You can use our married filing separate calculator to estimate the cost of filing separately in the past.
You would simply review each of your 1040 forms to see what you reported for your adjusted gross income (AGI). Then input those numbers into the calculat,or and you’ll get an estimate of the cost of filing separately for that year.
Before April 2025, you can amend 2021, 2022, or 2023 tax years.
So how much would you have to save through amending to justify doing it?
Any number I give you would be arbitrary, but I’d suggest anything below $2,000 of cost savings isn’t worth amending for.
Based on our experience running a tax business through our advisory firm, SLP Wealth, at least half of borrowers who file separately shouldn’t bother amending.
Why shouldn’t a borrower amend to get a $2,000 refund? There’s no hard and fast rule for this, but I’ll share my reasons.
Reasons to avoid amending your past tax returns
Amending old tax returns might seem like a straightforward way to recoup extra costs, but it's important to weigh the potential drawbacks. Here are a few key reasons why you should think twice before taking this step.
Amending your return might increase audit chances
Theoretically, amending an old return might attract more attention, either manually or through an IRS algorithm. This is purely speculative, but if repeatedly amending old returns could increase the probability of being audited, most taxpayers would probably want to avoid it.
And it should be noted that you have nothing to fear from an IRS audit if you’ve done things properly. But most folks would probably pay money to avoid an increased probability of audit, and there’s no way to know with increased IRS funding what would trigger an increased audit probability.
Amending an old return has a cost to it
While amending most returns is pretty straightforward, most tax preparation firms would probably charge a few hundred dollars for it.
Suppose you’re saving $1,500 from amending your return from separate to joint. If it costs you $500 to amend, yes, you’re saving $1,000, but you must also sign off on it, remember to take action, follow up with the tax preparer, etc.

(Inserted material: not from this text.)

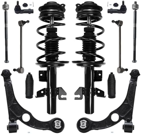 Suspension Kit Includes: 2x Front Struts & Coil Spring Assembly + 2x Front Lower Control Arms w/Ball Joints + 2x Front Sway Bar Links + 4x Front Inner Outer Tie Rods + 2x Tie Rod Boots + Bellows w/Locking C-Clamps

Even if the savings are low, amending is up to you
Even if the savings are low, amending a return might be justified — some folks would open a bank account for a $500 bonus, so it could still be worth your time, net of any costs.
I don’t want to oversell the risk of audit if you amend returns. It’s a possibility, but the IRS assures the public that audit rates will only increase for high-income earners. The issue is that you don’t know how much you can trust that statement.
What time should you amend your separate return?
The smartest time to amend your separate return is when (1) it’s no longer being used for student loan purposes and (2) your tax preparer has the time to get to it for you.
That means the middle of tax season is not a good time to ask your preparer to work on this.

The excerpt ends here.